Here is the complete script:

library(mxnet)

train = matrix(c(0,0,0,
                 0,1,1,
                 1,0,1,
                 1,1,0),
               nrow=4,
               ncol=3,
               byrow=TRUE)

train.x = train[,-3]
train.y = train[,3]

data <- mx.symbol.Variable("data")
fc1 <- mx.symbol.FullyConnected(data, name="fc1", num_hidden=2)
act1 <- mx.symbol.Activation(fc1, name="relu1", act_type="relu")
fc2 <- mx.symbol.FullyConnected(act1, name="fc2", num_hidden=3)
act2 <- mx.symbol.Activation(fc2, name="relu2", act_type="relu")
fc3 <- mx.symbol.FullyConnected(act2, name="fc3", num_hidden=1)
softmax <- mx.symbol.SoftmaxOutput(fc3, name="sm")

mx.set.seed(0)
model <- mx.model.FeedForward.create(
  softmax,
  X = t(train.x),
  y = train.y,
  num.round = 10,
  array.layout = "columnmajor",
  learning.rate = 0.01,
  momentum = 0.4,
  eval.metric = mx.metric.accuracy,
  epoch.end.callback = mx.callback.log.train.metric(100))

predict(model,train.x,array.layout="rowmajor")

An this output is produced:

Start training with 1 devices
[1] Train-accuracy=NaN
[2] Train-accuracy=0.5
[3] Train-accuracy=0.5
[4] Train-accuracy=0.5
[5] Train-accuracy=0.5
[6] Train-accuracy=0.5
[7] Train-accuracy=0.5
[8] Train-accuracy=0.5
[9] Train-accuracy=0.5
[10] Train-accuracy=0.5

> predict(model,train.x,array.layout="rowmajor")
[,1] [,2] [,3] [,4]
[1,]    1    1    1    1

How should I use mxnet to get this example working?

Regards, vaka

score 1 · Accepted Answer · answered Feb 17 '18 at 00:01

Usually activation layer doesn't go right after input as it should be activated once the first layer's calculation is done. You can still achieve imitating XOR function with your old code, but it needs a few tweaks:

You are right that you need to initialize weights.
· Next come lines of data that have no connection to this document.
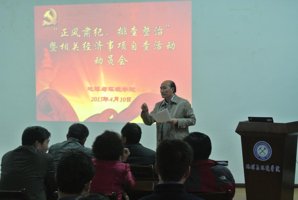 4月10日下午,a片网 在a片网 201会议室召开“正风肃纪,排查整治”暨相关经济事项自查工作动员会,会议由党委书记盛鹏飞主持,校财务处处长朱炜、财务处相关人员以及a片网 全体教职工参加了会议。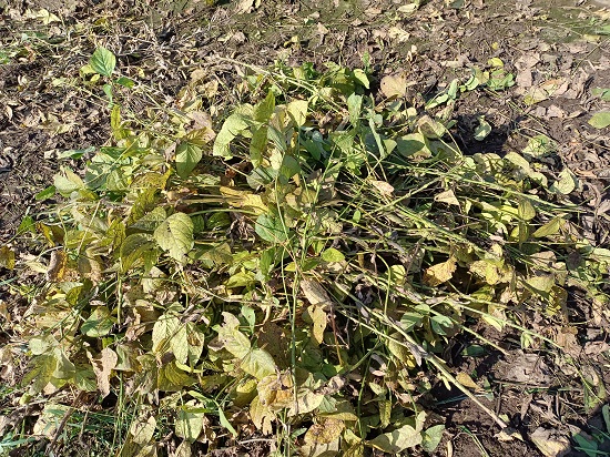 10月22日,是近段时间来难得的晴好天气。趁着天好,村民在地里抢收一点大豆。“你望望这哪有豆子,连个种子都收不回来,光有豆荚没有豆粒”,年近80的刘老太一边割着豆子一边埋怨老伴儿。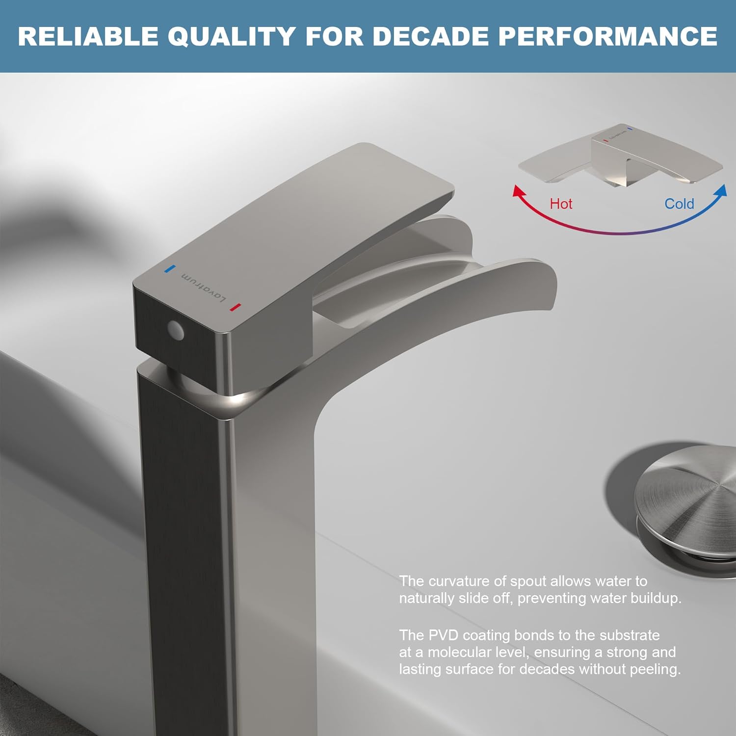 Bathroom Faucet Tall Vessel Waterfall Faucet Brushed Nickel Deck Mount Single Handle Lavatory with Water Supply Line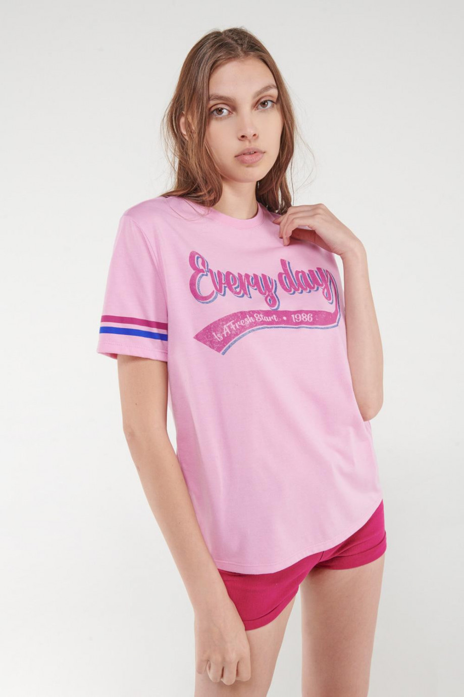 Camiseta, manga corta, con estampado en frente.

It is a big discussion in Deep Learning community which initial weights are the best, but from my practice Xavier weights are working well
If you want to use softmax, you need to change the last hidden layer units quantity to 2, because you have 2 classes: 0 and 1

After doing these 2 things + few minor optimizations, like removing transposing of the matrix, with the following code:

library(mxnet)

train = matrix(c(0,0,0,
                 0,1,1,
                 1,0,1,
                 1,1,0),
               nrow=4,
               ncol=3,
               byrow=TRUE)

train.x = train[,-3]
train.y = train[,3]

data <- mx.symbol.Variable("data")
fc1 <- mx.symbol.FullyConnected(data, name="fc1", num_hidden=2)
act1 <- mx.symbol.Activation(fc1, name="relu1", act_type="relu")
fc2 <- mx.symbol.FullyConnected(act1, name="fc2", num_hidden=3)
act2 <- mx.symbol.Activation(fc2, name="relu2", act_type="relu")
fc3 <- mx.symbol.FullyConnected(act2, name="fc3", num_hidden=2)
softmax <- mx.symbol.Softmax(fc3, name="sm")

mx.set.seed(0)
model <- mx.model.FeedForward.create(
  softmax,
  X = train.x,
  y = train.y,
  num.round = 50,
  array.layout = "rowmajor",
  learning.rate = 0.1,
  momentum = 0.99,
  eval.metric = mx.metric.accuracy,
  initializer = mx.init.Xavier(rnd_type = "uniform", factor_type = "avg", magnitude = 3),
  epoch.end.callback = mx.callback.log.train.metric(100))

predict(model,train.x,array.layout="rowmajor")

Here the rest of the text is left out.